**The data**

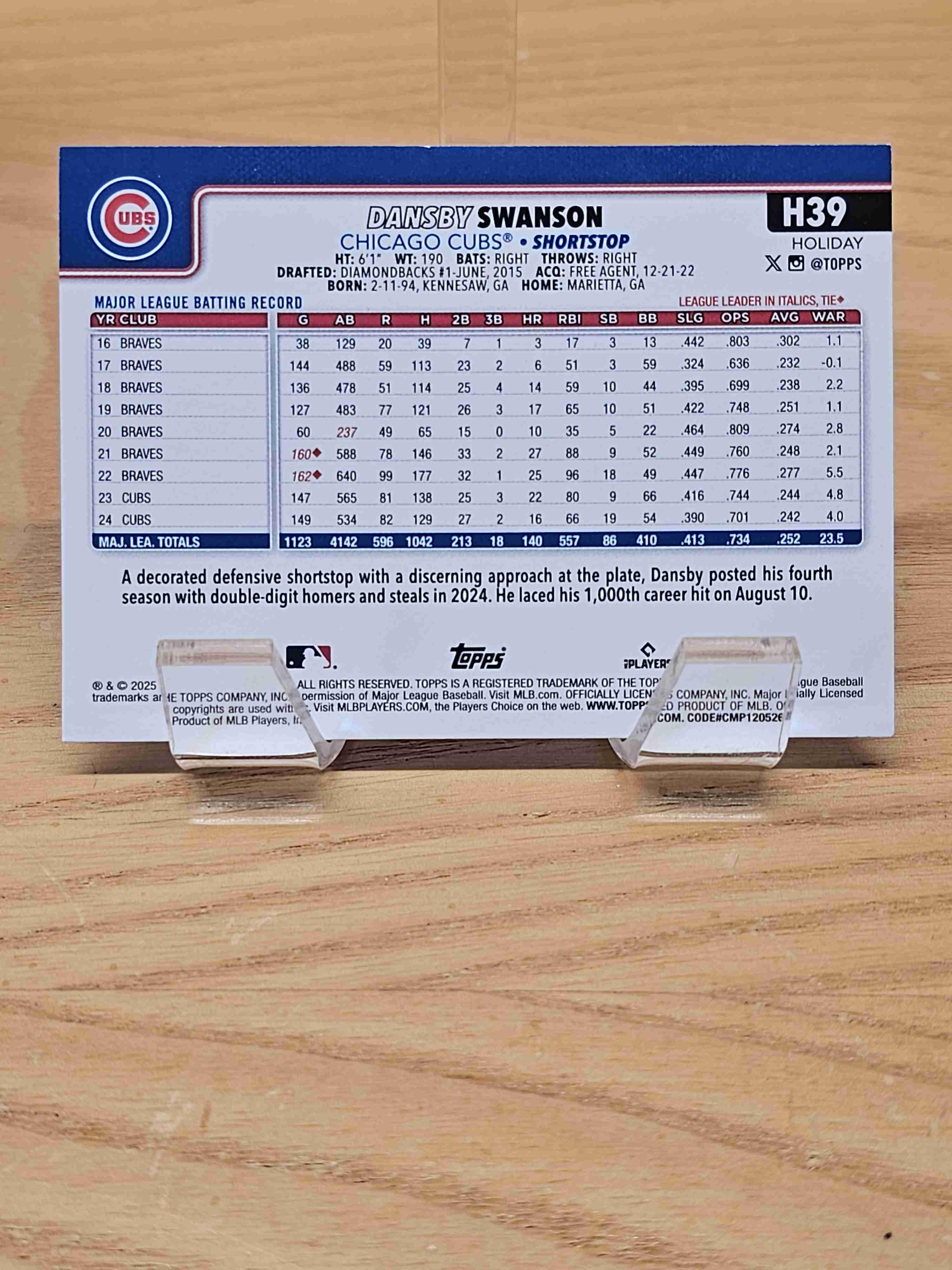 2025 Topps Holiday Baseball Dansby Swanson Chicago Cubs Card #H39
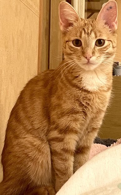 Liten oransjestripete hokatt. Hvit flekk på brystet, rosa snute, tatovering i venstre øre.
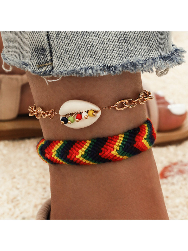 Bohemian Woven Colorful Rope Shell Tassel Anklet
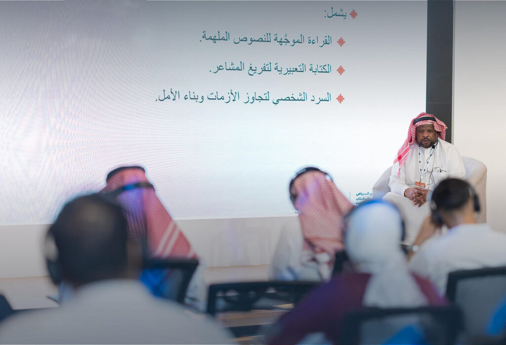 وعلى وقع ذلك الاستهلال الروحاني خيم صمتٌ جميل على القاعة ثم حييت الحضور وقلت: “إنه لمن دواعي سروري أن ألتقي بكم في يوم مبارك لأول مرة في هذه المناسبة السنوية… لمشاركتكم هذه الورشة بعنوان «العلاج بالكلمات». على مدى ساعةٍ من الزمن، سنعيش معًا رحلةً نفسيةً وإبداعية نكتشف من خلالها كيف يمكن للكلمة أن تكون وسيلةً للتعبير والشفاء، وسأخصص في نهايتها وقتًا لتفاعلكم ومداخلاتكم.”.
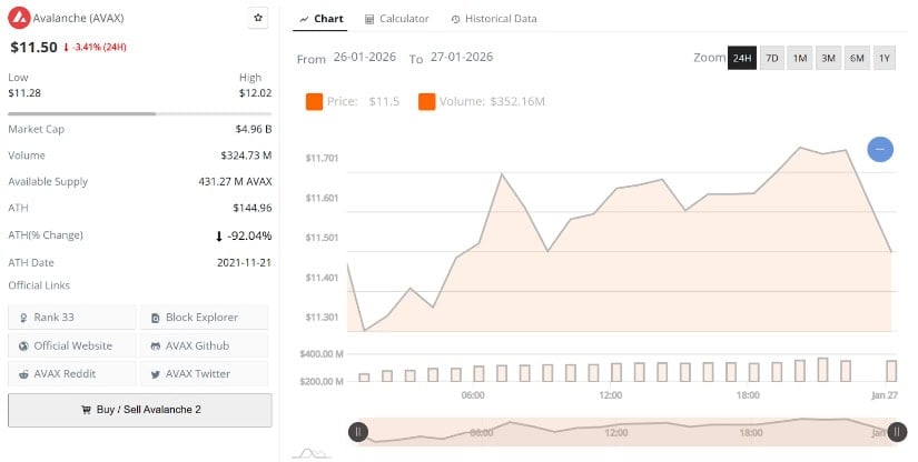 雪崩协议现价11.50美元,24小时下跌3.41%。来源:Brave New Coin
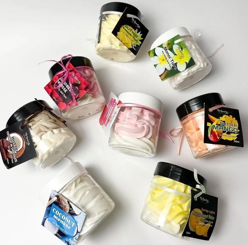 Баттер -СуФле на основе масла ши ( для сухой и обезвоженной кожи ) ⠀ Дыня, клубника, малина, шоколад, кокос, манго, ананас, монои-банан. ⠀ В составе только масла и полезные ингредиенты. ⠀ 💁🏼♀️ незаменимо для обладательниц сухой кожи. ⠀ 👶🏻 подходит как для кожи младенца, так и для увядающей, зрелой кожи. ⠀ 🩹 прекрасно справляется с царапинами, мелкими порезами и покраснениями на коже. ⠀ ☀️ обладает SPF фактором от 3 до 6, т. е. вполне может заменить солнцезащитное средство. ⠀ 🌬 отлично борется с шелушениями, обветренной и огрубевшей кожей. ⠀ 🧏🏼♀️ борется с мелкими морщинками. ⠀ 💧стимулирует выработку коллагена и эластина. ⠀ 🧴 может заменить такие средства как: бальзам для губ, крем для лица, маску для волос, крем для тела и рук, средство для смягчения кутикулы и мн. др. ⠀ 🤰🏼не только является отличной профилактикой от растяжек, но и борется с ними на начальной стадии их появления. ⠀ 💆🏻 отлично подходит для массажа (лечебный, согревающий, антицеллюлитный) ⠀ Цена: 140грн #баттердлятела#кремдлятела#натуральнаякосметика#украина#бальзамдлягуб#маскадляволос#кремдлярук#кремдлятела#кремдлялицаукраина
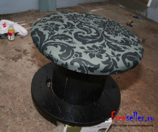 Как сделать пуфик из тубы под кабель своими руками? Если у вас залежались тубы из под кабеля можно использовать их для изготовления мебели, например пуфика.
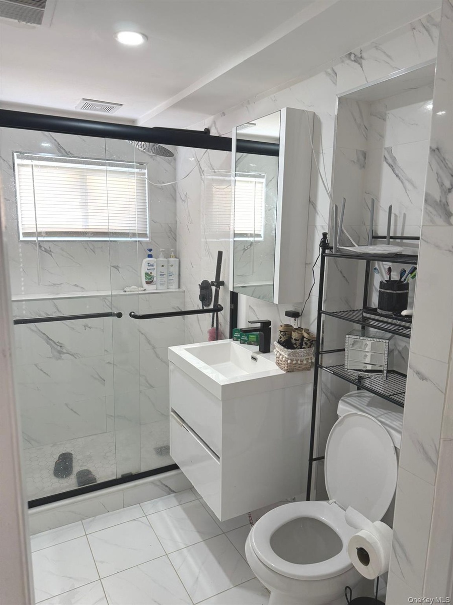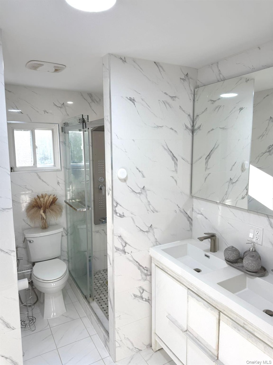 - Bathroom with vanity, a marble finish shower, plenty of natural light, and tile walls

**How to complete this task**
Please set down the whole listing above exactly and skip every picture.

**Task solution**
 2025 Topps Holiday Baseball Dansby Swanson Chicago Cubs Card #H39
 Liten oransjestripete hokatt. Hvit flekk på brystet, rosa snute, tatovering i venstre øre.
 Bohemian Woven Colorful Rope Shell Tassel Anklet
 وعلى وقع ذلك الاستهلال الروحاني خيم صمتٌ جميل على القاعة ثم حييت الحضور وقلت: “إنه لمن دواعي سروري أن ألتقي بكم في يوم مبارك لأول مرة في هذه المناسبة السنوية… لمشاركتكم هذه الورشة بعنوان «العلاج بالكلمات». على مدى ساعةٍ من الزمن، سنعيش معًا رحلةً نفسيةً وإبداعية نكتشف من خلالها كيف يمكن للكلمة أن تكون وسيلةً للتعبير والشفاء، وسأخصص في نهايتها وقتًا لتفاعلكم ومداخلاتكم.”.
 雪崩协议现价11.50美元,24小时下跌3.41%。来源:Brave New Coin
 Баттер -СуФле на основе масла ши ( для сухой и обезвоженной кожи ) ⠀ Дыня, клубника, малина, шоколад, кокос, манго, ананас, монои-банан. ⠀ В составе только масла и полезные ингредиенты. ⠀ 💁🏼♀️ незаменимо для обладательниц сухой кожи. ⠀ 👶🏻 подходит как для кожи младенца, так и для увядающей, зрелой кожи. ⠀ 🩹 прекрасно справляется с царапинами, мелкими порезами и покраснениями на коже. ⠀ ☀️ обладает SPF фактором от 3 до 6, т. е. вполне может заменить солнцезащитное средство. ⠀ 🌬 отлично борется с шелушениями, обветренной и огрубевшей кожей. ⠀ 🧏🏼♀️ борется с мелкими морщинками. ⠀ 💧стимулирует выработку коллагена и эластина. ⠀ 🧴 может заменить такие средства как: бальзам для губ, крем для лица, маску для волос, крем для тела и рук, средство для смягчения кутикулы и мн. др. ⠀ 🤰🏼не только является отличной профилактикой от растяжек, но и борется с ними на начальной стадии их появления. ⠀ 💆🏻 отлично подходит для массажа (лечебный, согревающий, антицеллюлитный) ⠀ Цена: 140грн #баттердлятела#кремдлятела#натуральнаякосметика#украина#бальзамдлягуб#маскадляволос#кремдлярук#кремдлятела#кремдлялицаукраина
 Как сделать пуфик из тубы под кабель своими руками? Если у вас залежались тубы из под кабеля можно использовать их для изготовления мебели, например пуфика.
 - Bathroom with vanity, a marble finish shower, plenty of natural light, and tile walls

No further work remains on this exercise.